Yes, he initially said no husbands, and then he changed it to say that some husbands were coming, but his wife's immediate supervisor wanted no husbands, so his wife was acceding to her demands. That doesn't seem to be the makings of a conspiracy to me.

As for the actions of the toxic friend's husband at the original Christmas party, perhaps he feels that it's not relevant to why his wife wants to party at a bar with her toxic friend without him. Perhaps he feels that people only want to know out of voyeuristic curiosity and that he wants to deal with his wife and not his wife's toxic friend's husband.

Neither of us can really say.


----------



## Rayloveshiswife (Sep 25, 2013)

Jellybeans said:


> No he said he thought the friend was jealous of him as a lover and husband unless he went back and changed what he wrote. He also never said the wife/friend wanted to be a "wingman." That was his interpretation. And in this thread he first said "no husbands" and later changed it to some husbands and still won't answer the question of what crazy thinh happened at the first Xmas party. Can't help me like we are being put on.
> _Posted via Mobile Device_


I though he said the husband of the woman who banned spouses got drunk and made an ass of his self, and the OP got labeled as part of the disturbance because of his close proximity to the drunk spouse. 

I still think he should show up at he bar for the dancing. The coworker can't bar him from that.
_Posted via Mobile Device_


----------



## The Middleman (Apr 30, 2012)

Cletus said:


> And if she's a better mechanic than you, then what? Bomb threat? Knife to the neck? Slit your wrists in a cry for help?
> 
> Once your relationship gets to the point that you're sabotaging your spouse's car, it's already game over.


I'll agree with that one, but with less rhetoric and absurdity in your examples. The point I'm trying to make is that if something like this is that important to the guy, then he has to get in her face about it. If she is going to go anyway ... she is going to go. The point is that he has to make is "displeasure" about this known, and in no uncertain terms, and not just go along with it when she says I'm going anyway (I'm assuming now that this is becoming a wedge issue or deal breaker for him). One side or the other has to give, why should it be him? Was there any attempt at a compromise? Like someone else suggested; meeting after the party?

I'm coming from my perspective, where going to these types of events without one's spouse is not acceptable to me, under almost all circumstances. For me it's a near "deal breaker" and my own wife understands this (as I said in an earlier posting). I personally am not beyond disabling the car or not being home to watch the kids, (if they were young) or just showing up at the party uninvited, but that's just me. You see I'm afraid of very few things in life and I'm not timid or shy. For me, my wife going alone to a party (especially where where men, dancing and alcohol may be involved) is a near "deal breaker" and if my wife wants to leave me for my behavior when it happens or my attitude about it, then I'll be open to having that discussion with her .... because in my mind, the deal is already broken. 

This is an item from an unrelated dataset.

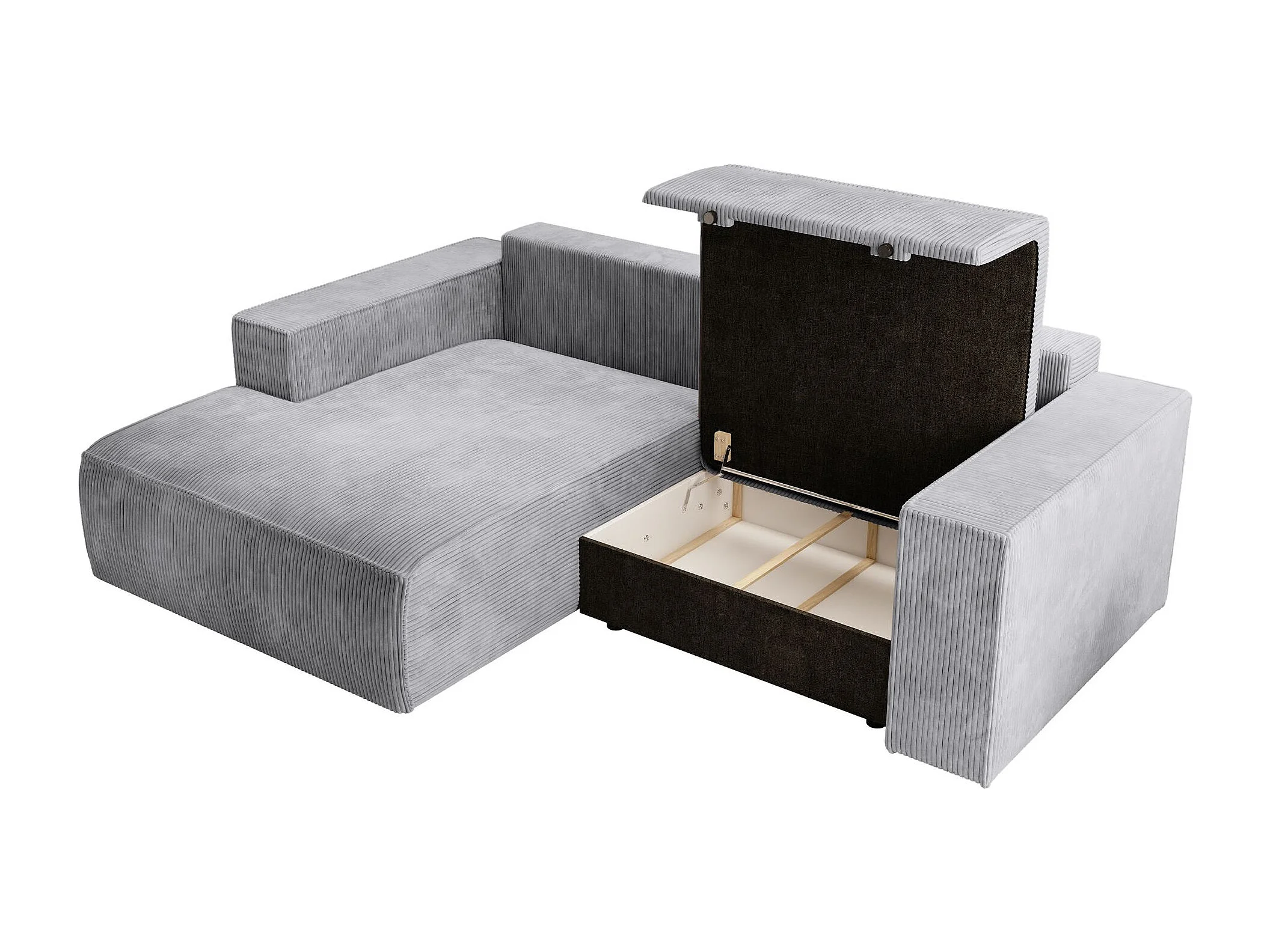 Canapé d’angle convertible – en velours côtelé – gris clair – gauche – FARESE MINI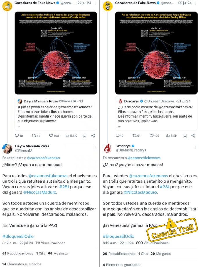 El 19 de julio de 2024, Jorge Rodríguez —presidente de la Asamblea Nacional, jefe de campaña de Nicolás Maduro y exministro de Comunicación— presentó en rueda de prensa varias capturas de mensajes de odio publicados en X, atribuyéndolos a supuestos opositores. Posteriormente se demostró que provenían de una operación de desinformación de falsa bandera, ejecutada por una red de cuentas trolls que estaba vinculada con la campaña de Maduro.

From my perspective, being married means doing these things as a couple. If any spouse, man or woman, wants to do these things alone, then they should be single.


----------



## Cletus (Apr 27, 2012)

The Middleman said:


> I'll agree with that one, but with less rhetoric and absurdity in your examples.


We'll just have to disagree then. 

I have the right to stop my wife from physically harming another human being, myself included, but little else. Married or not, she is still an autonomous person. If I don't like her actions, I have the right to make my displeasure known, and if push comes to shove, to remove myself from the situation and/or marriage if I find it necessary. I don't have to actively help her do things I find unacceptable, but I do have to stop at restraining her. I am her husband, not her leash holder, parole officer, or master.

I do not have the right to tamper with her vehicle, IMNHO. 



> From my perspective, being married means doing these things as a couple. If any spouse, man or woman, wants to do these things alone, then they should be single.


From my perspective, people who are so entwined and enmeshed that they can never have fun with friends without their spouse around are in an unhealthy relationship.

I am not and will never be all things to my wife. I may be an excellent father, good husband, decent lover, and acceptable life companion, but I'm a piss-poor girlfriend. If she wants to go to the local pub and let off some steam with her lady friends, to talk about handbags and shoes, and to discuss the latest Nicholas Sparks novel, I trust her not to violate our marriage contract in the process. 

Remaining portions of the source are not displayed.